Kadınsız inkılab kadınsız cumhuriyet

  • GİRİŞ30.10.2009 10:04
  • GÜNCELLEME30.10.2009 10:04

Kadınsız inkılab kadınsız cumhuriyet

Dün, önce Anıtkabir’de sonra da TBMM’de Cumhuriyet Bayramı vesilesiyle devletlu erkanı katında gerçekleşen kutlamaları izlerken, yukarıdaki başlık düştü aklıma. Başlığın ilk bölümü “Kadınsız inkılab”, Yaprak Zihnioğlu’nun, Osmanlı İmparatorluğundan Türkiye Cumhuriyetine evrildiğimiz dönemeçte siyaset yapmaya çalışan bir kadın grubunun hikayesini anlattığı kitabın adı.

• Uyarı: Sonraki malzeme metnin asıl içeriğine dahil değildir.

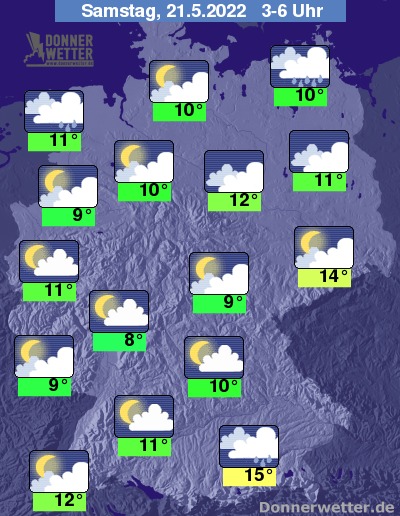 In der Nacht zum Samstag ist der Himmel zumeist wechselnd bis aufgelockert, vor allem im Norden, aber auch im Südosten oft dicht bewölkt. Im Küstenumfeld bilden sich gebietsweise Schauer, selten auch Gewitter, im Südosten fällt hier und da etwas Regen. Die Temperatur sinkt auf 15 Grad in München und bis 8 Grad in Wiesbaden.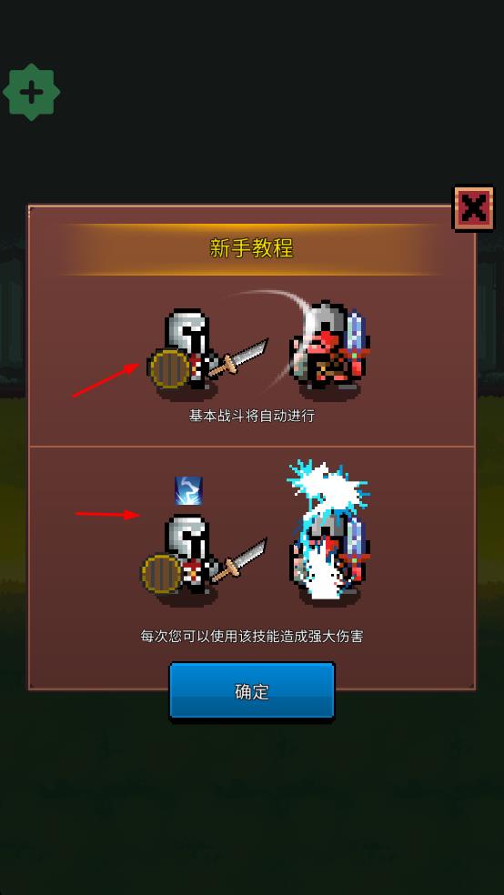 1、跟随新手教程,了解基本战斗自动进行,点击技能图标释放强力伤害技能。
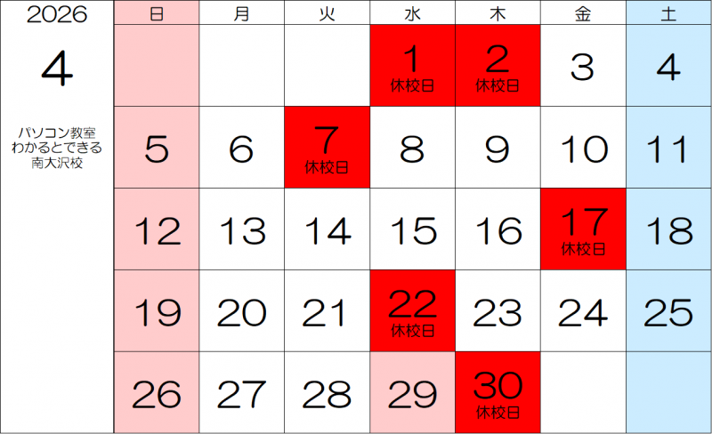 4月休校日:1日(水)2日(木)7日(火)17日(金)22日(水)30日(木)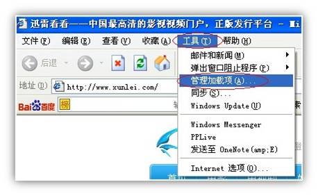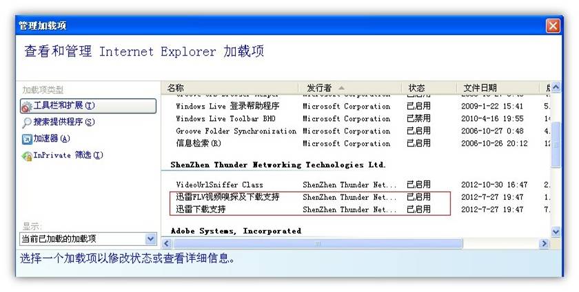 3、如果管理加载项内并没有迅雷下载支持的控件请重新下载迅雷并先卸载再重新安装,不要覆盖安装。

Malum, resmi tarih tezimize göre, yeni Türkiye Cumhuriyeti öyle ilerici, öyle kadın dostudur ki, kadınlara haklarını, hiç daha onlar talep bile etmemişken, bir ihsan kabilinden verivermiştir. Bu bağlamda, kadınların seçme ve seçilme hakkına 5 Aralık 1934’te, daha pek çok batılı ülkenin kadınları kavuşmadan önce kavuştuğunu öğrenmişizdir. Oysa, bu resimde yalanla gerçek karışık bir haldedir ve gerçekleri çoğu kimse bilmemektedir.

Kadınların siyasal yönetimde hem seçerek, hem de seçilerek yer almak istemesi, hemen her ülke açısından, bağrında bir kadın mücadelesi tarihini barındırmaktadır.  Mesela İngiltere, mesela Fransa ve tabi ki ABD, kadınların zorlu mücadelelerine tanık olmuştur.  Bu mücadeleleri yakından izleyen Osmanlı kadın eliti de, benzer bir mücadeleyi hem İmparatorluğun son dönemlerinde hem de yeni kurulan Cumhuriyet döneminde vermiştir.

Bu mücadelenin sembol ismi ise, “Kadınlar Halk Fırkası”nın kurucusu Nezihe Muhiddin’dir. Ancak ne yazık ki, devletin yarı resmi basın organları da dahil pek çok etkili ve yetkili mercinin karalama kampanyaları, soruşturmaları neticesinde Nezihe Muhiddin bu mücadeleyi kaybetmiş, sonuçta resmi tarihin üstünü çizdiği, unutturduğu bir Cumhuriyet kadını olmuştur.